USAAF Ninth Air Force units which used the airfield were:

- 376th Bombardment Group, 8 November 1942-January 1943, Consolidated B-24 Liberator
 512th Bombardment Squadron, 9 November 1942-10 February 1943
 513th Bombardment Squadron, 8 November 1942-10 February 1943
 514th Bombardment Squadron, 8 November 1942-10 February 1943
 515th Bombardment Squadron, 8 November 1942-6 February 1943

Royal Air Force units:
- No. 6 Squadron RAF initially between 13 and 27 November 1951 then between 28 January and 31 May 1952. Then finally between 28 July and 18 August 1952 with the de Havilland Vampire FB.5 & FB.9
- No. 13 Squadron RAF between 1 January 1955 and 10 February 1956 with the Gloster Meteor PR.10
- No. 37 Squadron RAF between 29 June and 6 November 1942 with the Vickers Wellington IC
- No. 40 Squadron RAF reformed here on 1 May 1942, staying until 23 June 1942 using the Wellington IC, returning on 31 October 1945 with the Consolidated Liberator VI, converting to the Avro Lancaster B.7. The squadron departed on 17 September 1946
- No. 46 Squadron RAF between 16 July and 10 September 1941 without any aircraft
- No. 70 Squadron RAF between 29 June and 6 November 1942 with the Wellington IC
- No. 80 Squadron RAF between 8 and 19 November 1940 with Gloster Gladiator I & II
- No. 84 Squadron RAF between 3 December 1955 and 11 March 1956 with the Vickers Valetta C.1
- No. 89 Squadron RAF between 10 December 1941 and 28 January 1943 with the Bristol Beaufighter IF & VIF
- No. 104 Squadron RAF between 31 October 1945 and 1 July 1946 with the Liberator VI converting to the Lancaster B.7(FE)
- No. 114 (Hong Kong) Squadron RAF between 1 December 1955 and 20 March 1956 with the Valetta C.1
- No. 145 Squadron RAF between 1 June and 25 August 1918 with the Royal Aircraft Factory S.E.5a
- No. 208 Squadron RAF between 15 October 1951 and 17 January 1956 with the Meteor FR.9
- No. 213 (Ceylon) Squadron RAF between 22 May and 2 July 1941 with the Hawker Hurricane I
- No. 214 (Federated Malay States) Squadron RAF between August 1919 and February 1920 with the Handley Page Type O/400
- No. 216 Squadron RAF between July 1920 and 15 April 1921 with the O/400 and the Airco DH.10 Amiens
- No. 223 Squadron RAF detachment between September 1942 and January 1943 with the Martin Baltimore III
- No. 252 Squadron RAF detachment between April and June 1941 with the Beaufighter IC
- No. 272 Squadron RAF between 28 May and 14 June 1941 with the Beaufighter IC
- No. 450 Squadron RAAF between 12 May and 23 June 1941 without any aircraft

Royal Air Force units:

In the mid-1950s, the base was the last station to be handed over by the RAF to the Egyptians.
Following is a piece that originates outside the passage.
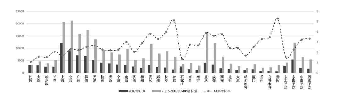 2007-2018年省会以上及全国前50位非省级地级城市排名位次变化相应的这些省的地级城市排名下降的幅度也是最大的,从2007~2018年经济总量排名上升比例来看,中西部省会全部上升,而中西部地级城市只有15%的城市排位上升,而其余90%的地级市排名下降。
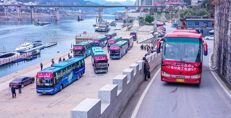 上午9时,乌江旅游码头是人头攒动,暖意融融。来自23个乡镇(街道)的外出务工群众带着行李,在工作人员的引导下排队候车。现场,10辆悬挂着“‘点对点’组织输送”横幅的大巴车整装待发,它们将载着沿河儿女奔赴广东东莞、佛山及浙江温州等地,开启新一年的奋斗征程。

This was despite the fact that Abu Sueir and Fanara were the two bases to be retained, to be maintained by civilian contractors.

The main body of 2nd Battalion Grenadier Guards, the last British Army fighting unit remaining in Middle East Land Forces amid the Suez Crisis, left on 24–25 March 1956 by ship; they had been located at Golf Course Camp in Port Said. The last remaining rear-guard company of the battalion left by air on 2 April 1956 from Abu Sueir.

Abu Sueir was handed over to Egypt on 14 April 1956.

== Twenty-first century ==
Today, the airfield is an active Egyptian Air Force Base. Its Second World War configuration is still evident in aerial photography. It houses the 60th Tactical Fighter Squadron of the 262nd Tactical Fighter Wing, flying General Dynamics F-16C/D Block 40s Fighting Falcons.